Under the pressure of the most powerful people in the Communist Party, diplomats have been struggling to perform in order to be rewarded for their work, to be promoted to higher ranks, and to soar to great heights, or to avoid risks, protect themselves, and retire safely. As a result, the unbelievable war wolf diplomacy and war wolf competition have emerged, stirring up the world to the extent that beacons have risen everywhere, making Communist China suffer from enemies on all sides and be in trouble on all sides.

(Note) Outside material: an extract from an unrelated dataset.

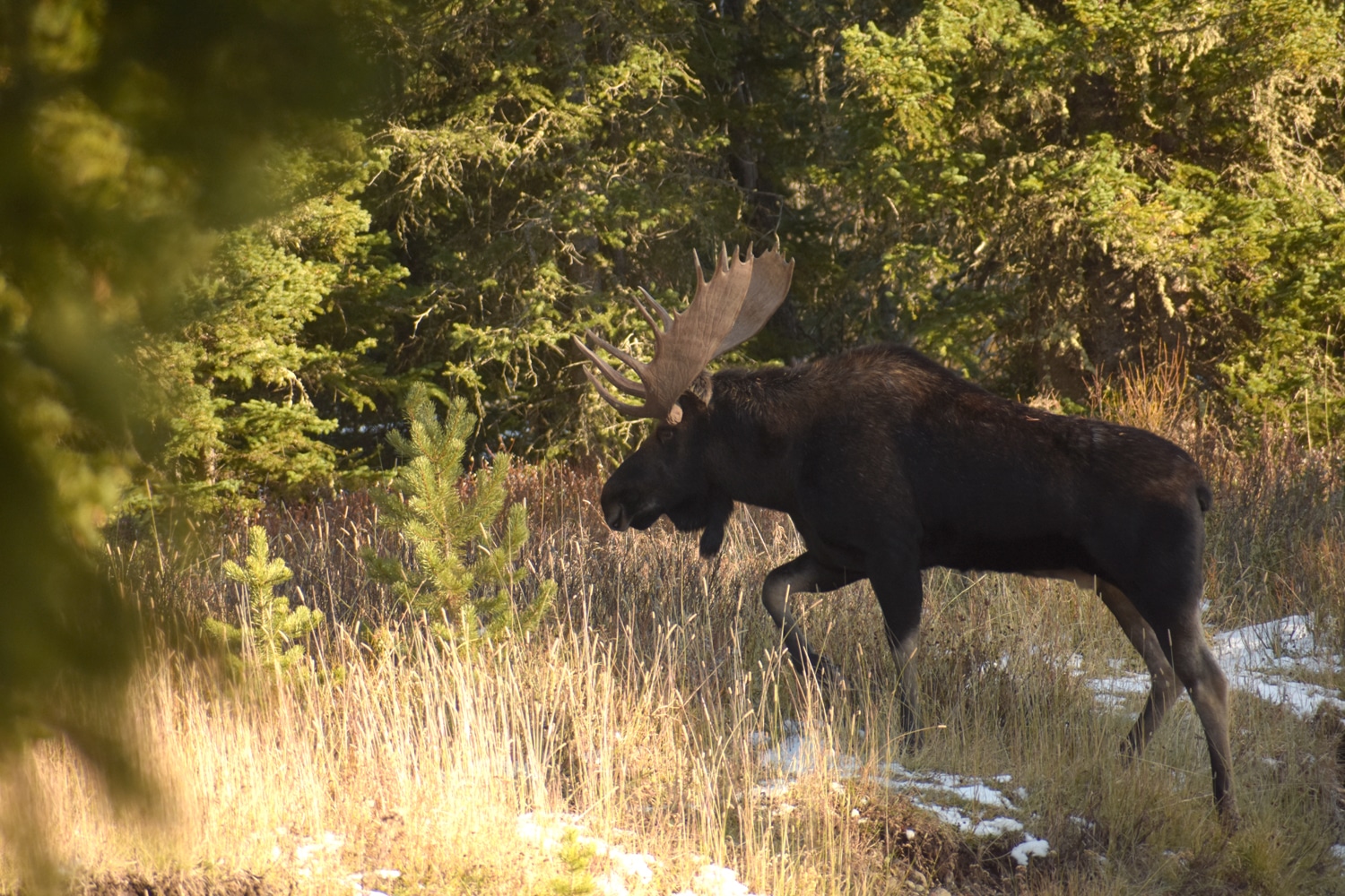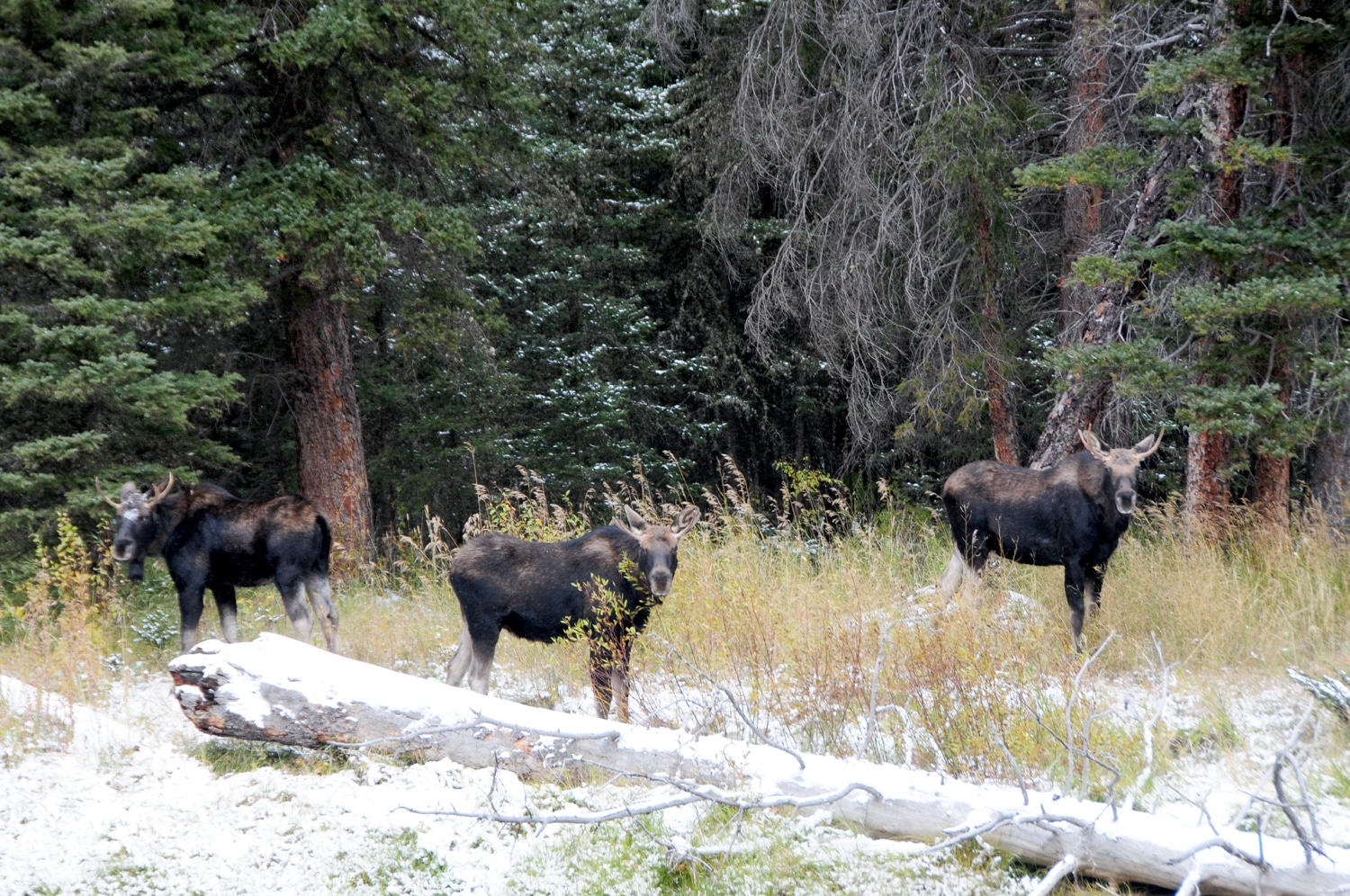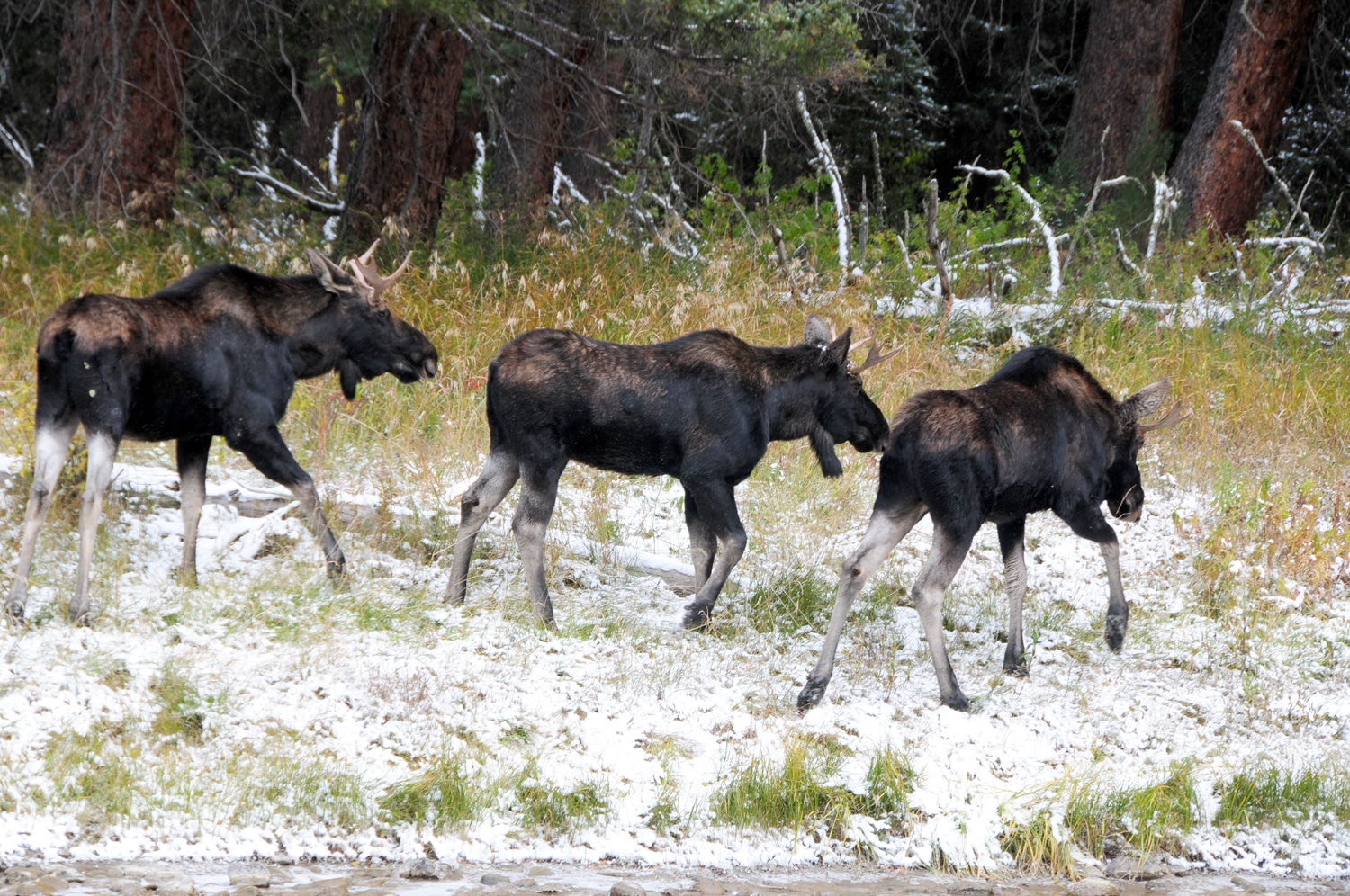 הדרך חולפת לצד נהר הג'לטין. הנהר זורם אך האגמים שסביבו קפואים. שוב יורד קצת שלג. זה בהחלט לא היה בתחזית. לפתע עומר מזהה מוס מעברו השני של הנהר. לא אחד, לא שניים. שלושה. שלושה זכרים צעירים (קרניו של המוס נושרות כל סתיו ובכל שנה הן צומחות לגודל גדול יותר על פי גיל האייל – אייל צעיר קרניים קטנות. אייל מבוגר קרניים גדולות). מצב הרוח מיד משתנה. כולנו רצים לצלם, והאיילים משתפים פעולה ![]()

Some sensible Chinese netizens have commented that the Ministry of Foreign Affairs has become the “Ministry of Broken Diplomatic Relations”; it has been forbidding Chinese people to criticize, and now it is forbidding foreigners to criticize; it has restricted freedom of speech in China, and now it has gone to foreign countries to restrict freedom of speech. Indeed, among those CCP diplomats who were summoned, they may or may not understand that the simple fact that they were summoned and protested by their host countries is that by attacking, interfering with, and restricting the freedom of expression of the host countries’ dignitaries, scholars, journalists, and citizens, they are in fact interfering with the internal affairs of other countries. Because, in these democratic, normal countries, freedom of expression is the most basic human right and the cornerstone of the host country’s founding.

“Diplomacy is an extension of internal affairs”, a famous saying of Lenin, the founder of the Soviet Union. Sure enough, today’s Communist China is unreasonable internally, which inevitably becomes unreasonable externally; authoritarian internally, which inevitably gives rise to authoritarian externally; and repressive internally, which inevitably brings about threats externally. It is the same old saying of the author: there is no Chinese threat, only the Communist threat, and that is the common threat faced by the Chinese people and the people of the world.